The one thing I would recommend you do (and I mentioned this many years
ago when this was first proposed) is to not use the jargon terms 'l10n'
or 'l20n' anywhere. They are hard to type and hard to read. Three of the
four characters in 'l10n' are indistinguishable from similar characters
in some fonts which can lead to hard to detect bugs.

You should instead spell out words such as 'locale' making it clearer to
a casual reader the meaning.

> <window>
> <localization name="browser">
> <source src="./locales/resource1.ftl" />
> <source src="./locales/resource2.ftl" />
> </localization>
> <label data-l10n-bundle="browser" data-l10n-id="foo></label>
> </window>
>
> The open questions are:
>
> * Can we use custom elements like <localization> in XUL?

Yes. Is there a need for two different elements? The HTML case doesn't
have this. You could also just use the existing stringbundle element and
make it handle a different file syntax, perhaps.

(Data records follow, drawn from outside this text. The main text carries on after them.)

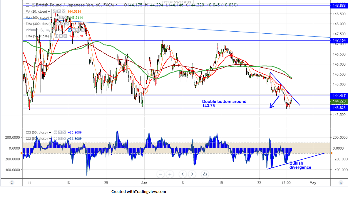 On the higher side, near term resistance is around 144.38 (55- H EMA) and any break above will take the pair to next level 145/145.28-32 (300 H EMA and 200-H MA)..
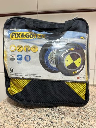 Cadenas textiles para nieve FIX&GO. - Homologadas TUV Austria. - Compatibles con ABS y ESP. - Incluye bolsa de transporte. Sin estrenar, las medidas están en la foto
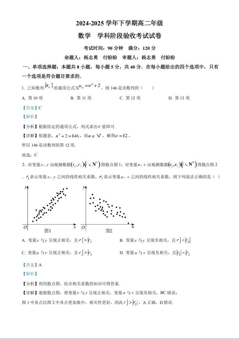 吉林省长春市东北师范大学附属中学2024-2025学年高二下学期3月月考试题数学(解析版)

> * Is it okay to use the "name" attribute in XUL for the <localization> object?

Yes

> * Is it okay to use data-l10n-* attributes for localizable elements? Or perhaps l10n-* would be sufficient?
>

You should just use bundle="browser". I'm not sure what the data
attribute is meant to represent here, but the attribute name should be
simpler as mentioned above (XUL attributes don't have hyphens in them
either)

It's hard to give concrete suggestions when only some examples are
given. It would help if you posted a more descriptive proposal of what
all these elements/attributes do for each language. Maybe this is
already available?

smalo...@mozilla.com

unread,

Jun 10, 2016, 12:26:26 PM6/10/16

to

Thanks for a lot of great feedback, Gijs!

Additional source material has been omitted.